Chop wood. Carry water. Onward.

A thought about boredom

Boredom is thought of today as a lack of entertainment. But we are not seeing what the gift it can be.

Initially, the Romans described boredom as “taedium vitae” (weariness of life) and “horror loci” (dread of place). As the years progressed, boredom became shaped by the change of work patterns in the industrial era. Renting our time to an assembly line for money fundamentally changed how we view our time. Because so much of it is leased out to someone else (again, we are not on our time; we are on the bosses), we stress how our time is managed off the clock.

The problem we are having is that we think time should be used efficiently like a scarce market resource, causing more and more stress. Boredom can now be seen as a negative thing when, for thousands of years, having discretionary time was abundant.
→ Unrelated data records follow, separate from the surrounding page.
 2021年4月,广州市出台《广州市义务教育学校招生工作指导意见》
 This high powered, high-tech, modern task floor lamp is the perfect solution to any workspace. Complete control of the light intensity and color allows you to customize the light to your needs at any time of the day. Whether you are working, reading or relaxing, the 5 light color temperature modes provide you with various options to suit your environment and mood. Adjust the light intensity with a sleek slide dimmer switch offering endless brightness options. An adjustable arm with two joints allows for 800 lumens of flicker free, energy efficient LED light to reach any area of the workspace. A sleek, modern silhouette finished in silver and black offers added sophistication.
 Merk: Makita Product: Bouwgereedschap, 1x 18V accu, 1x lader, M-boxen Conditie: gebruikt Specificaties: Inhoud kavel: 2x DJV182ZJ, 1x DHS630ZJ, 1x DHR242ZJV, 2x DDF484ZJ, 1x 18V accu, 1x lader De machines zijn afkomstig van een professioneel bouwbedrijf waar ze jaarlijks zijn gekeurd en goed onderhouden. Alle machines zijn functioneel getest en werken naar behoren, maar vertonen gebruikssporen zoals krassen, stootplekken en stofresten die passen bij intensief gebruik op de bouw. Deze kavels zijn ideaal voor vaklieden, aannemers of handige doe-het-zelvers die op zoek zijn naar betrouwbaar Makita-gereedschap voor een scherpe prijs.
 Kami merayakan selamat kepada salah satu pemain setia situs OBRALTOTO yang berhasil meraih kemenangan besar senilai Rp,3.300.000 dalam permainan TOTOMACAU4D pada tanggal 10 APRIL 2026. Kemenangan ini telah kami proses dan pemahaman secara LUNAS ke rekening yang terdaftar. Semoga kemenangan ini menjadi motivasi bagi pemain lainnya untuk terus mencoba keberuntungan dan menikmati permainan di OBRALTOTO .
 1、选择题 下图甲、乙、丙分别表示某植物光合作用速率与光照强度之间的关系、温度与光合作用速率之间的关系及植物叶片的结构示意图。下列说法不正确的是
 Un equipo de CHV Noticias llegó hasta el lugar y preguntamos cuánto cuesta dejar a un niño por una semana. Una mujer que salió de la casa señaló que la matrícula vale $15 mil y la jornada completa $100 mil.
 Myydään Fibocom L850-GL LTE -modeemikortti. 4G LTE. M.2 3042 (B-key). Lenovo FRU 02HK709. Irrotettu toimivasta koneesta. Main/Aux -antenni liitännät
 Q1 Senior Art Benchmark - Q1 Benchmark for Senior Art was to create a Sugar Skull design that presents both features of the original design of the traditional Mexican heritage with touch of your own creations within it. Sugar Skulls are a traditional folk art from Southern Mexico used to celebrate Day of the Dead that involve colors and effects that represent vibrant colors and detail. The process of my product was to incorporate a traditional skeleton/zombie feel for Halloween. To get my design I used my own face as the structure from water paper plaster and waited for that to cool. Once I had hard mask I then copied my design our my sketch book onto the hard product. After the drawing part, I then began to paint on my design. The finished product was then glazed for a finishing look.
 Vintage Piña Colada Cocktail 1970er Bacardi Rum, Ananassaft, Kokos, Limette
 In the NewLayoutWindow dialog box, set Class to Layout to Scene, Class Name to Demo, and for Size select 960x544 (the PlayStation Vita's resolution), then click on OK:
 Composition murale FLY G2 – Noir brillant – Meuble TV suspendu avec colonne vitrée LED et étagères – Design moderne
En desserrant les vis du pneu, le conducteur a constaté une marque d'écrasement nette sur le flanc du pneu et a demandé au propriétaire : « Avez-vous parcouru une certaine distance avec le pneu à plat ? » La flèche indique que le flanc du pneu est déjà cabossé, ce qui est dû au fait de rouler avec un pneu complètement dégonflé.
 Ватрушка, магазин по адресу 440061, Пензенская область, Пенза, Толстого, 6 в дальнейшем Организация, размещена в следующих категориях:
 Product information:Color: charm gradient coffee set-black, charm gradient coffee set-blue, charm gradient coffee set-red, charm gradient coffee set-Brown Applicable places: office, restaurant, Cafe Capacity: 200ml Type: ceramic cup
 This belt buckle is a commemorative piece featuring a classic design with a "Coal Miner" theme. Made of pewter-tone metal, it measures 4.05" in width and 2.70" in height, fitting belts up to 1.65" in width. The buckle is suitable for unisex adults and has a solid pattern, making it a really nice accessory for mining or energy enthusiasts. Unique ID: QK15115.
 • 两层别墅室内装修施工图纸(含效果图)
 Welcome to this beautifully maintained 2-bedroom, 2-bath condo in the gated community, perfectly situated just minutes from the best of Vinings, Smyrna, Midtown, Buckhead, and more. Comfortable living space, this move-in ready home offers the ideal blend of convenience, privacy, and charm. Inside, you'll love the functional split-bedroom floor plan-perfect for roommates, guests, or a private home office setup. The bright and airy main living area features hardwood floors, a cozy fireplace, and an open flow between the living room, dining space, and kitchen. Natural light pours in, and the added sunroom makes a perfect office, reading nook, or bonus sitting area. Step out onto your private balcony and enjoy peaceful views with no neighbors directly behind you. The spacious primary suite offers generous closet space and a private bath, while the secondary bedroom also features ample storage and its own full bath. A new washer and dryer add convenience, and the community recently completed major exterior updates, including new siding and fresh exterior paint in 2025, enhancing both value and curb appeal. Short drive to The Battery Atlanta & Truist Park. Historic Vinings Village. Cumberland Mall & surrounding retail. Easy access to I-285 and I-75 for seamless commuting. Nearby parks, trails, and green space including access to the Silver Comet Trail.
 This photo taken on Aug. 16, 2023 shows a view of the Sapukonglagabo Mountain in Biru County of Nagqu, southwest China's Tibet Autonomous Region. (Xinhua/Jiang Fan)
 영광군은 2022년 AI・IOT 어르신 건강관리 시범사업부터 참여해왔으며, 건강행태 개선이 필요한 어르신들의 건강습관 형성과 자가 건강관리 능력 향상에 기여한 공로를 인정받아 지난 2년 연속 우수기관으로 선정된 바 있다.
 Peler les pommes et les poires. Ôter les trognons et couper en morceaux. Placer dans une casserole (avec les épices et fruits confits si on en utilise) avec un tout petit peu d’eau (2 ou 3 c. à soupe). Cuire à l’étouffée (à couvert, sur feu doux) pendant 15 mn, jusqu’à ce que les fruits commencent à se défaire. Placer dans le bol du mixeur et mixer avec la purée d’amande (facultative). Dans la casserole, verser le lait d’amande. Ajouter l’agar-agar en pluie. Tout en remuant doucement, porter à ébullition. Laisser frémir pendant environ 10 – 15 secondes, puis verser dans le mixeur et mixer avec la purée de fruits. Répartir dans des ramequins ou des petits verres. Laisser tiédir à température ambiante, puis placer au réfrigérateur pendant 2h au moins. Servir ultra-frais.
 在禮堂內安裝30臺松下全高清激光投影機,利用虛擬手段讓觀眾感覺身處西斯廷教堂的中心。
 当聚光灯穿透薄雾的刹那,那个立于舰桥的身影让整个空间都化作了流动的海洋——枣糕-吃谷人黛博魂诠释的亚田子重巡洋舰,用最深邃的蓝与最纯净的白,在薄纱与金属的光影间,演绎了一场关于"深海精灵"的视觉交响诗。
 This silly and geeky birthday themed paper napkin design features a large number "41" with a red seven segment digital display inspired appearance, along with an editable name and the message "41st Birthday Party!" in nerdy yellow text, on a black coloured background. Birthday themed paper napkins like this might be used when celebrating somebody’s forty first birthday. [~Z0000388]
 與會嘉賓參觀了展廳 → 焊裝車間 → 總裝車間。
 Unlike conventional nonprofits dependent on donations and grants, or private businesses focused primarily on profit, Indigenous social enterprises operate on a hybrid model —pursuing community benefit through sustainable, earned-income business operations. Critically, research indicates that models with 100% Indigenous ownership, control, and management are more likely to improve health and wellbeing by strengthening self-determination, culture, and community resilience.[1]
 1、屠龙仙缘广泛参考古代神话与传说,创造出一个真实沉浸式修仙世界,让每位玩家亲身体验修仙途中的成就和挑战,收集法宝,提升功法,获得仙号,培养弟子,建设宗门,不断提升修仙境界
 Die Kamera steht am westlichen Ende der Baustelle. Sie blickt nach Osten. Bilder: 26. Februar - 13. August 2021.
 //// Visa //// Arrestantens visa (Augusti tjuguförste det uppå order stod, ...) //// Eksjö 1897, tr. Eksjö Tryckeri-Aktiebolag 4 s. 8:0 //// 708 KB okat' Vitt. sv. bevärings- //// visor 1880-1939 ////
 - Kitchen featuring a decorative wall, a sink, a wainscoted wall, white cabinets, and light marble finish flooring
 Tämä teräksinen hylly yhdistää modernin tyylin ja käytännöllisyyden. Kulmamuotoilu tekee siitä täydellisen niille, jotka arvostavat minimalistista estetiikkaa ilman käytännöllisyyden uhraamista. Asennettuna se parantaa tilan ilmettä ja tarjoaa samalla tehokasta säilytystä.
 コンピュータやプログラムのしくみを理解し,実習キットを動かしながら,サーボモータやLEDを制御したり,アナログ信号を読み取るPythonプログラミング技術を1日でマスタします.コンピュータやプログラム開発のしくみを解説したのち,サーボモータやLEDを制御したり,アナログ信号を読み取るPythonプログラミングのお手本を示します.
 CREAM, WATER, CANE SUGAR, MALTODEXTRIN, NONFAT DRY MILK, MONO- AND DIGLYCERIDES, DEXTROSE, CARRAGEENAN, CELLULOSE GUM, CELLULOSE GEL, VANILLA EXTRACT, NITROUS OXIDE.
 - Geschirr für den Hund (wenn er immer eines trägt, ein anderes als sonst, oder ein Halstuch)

Humans don’t have off-and-on switches. As a result, we struggle with the relationship of being on the clock or off it. Sitting around, we can’t help but pick up a phone to fill time; it seems like a better option than nothing. But we are missing an opportunity to discover if we can never sit with our thoughts.

When we leave the room, we eventually fill it with imagination, ideas, conversation, insight, and connection. We can resist the need to fill the space, so much can open up.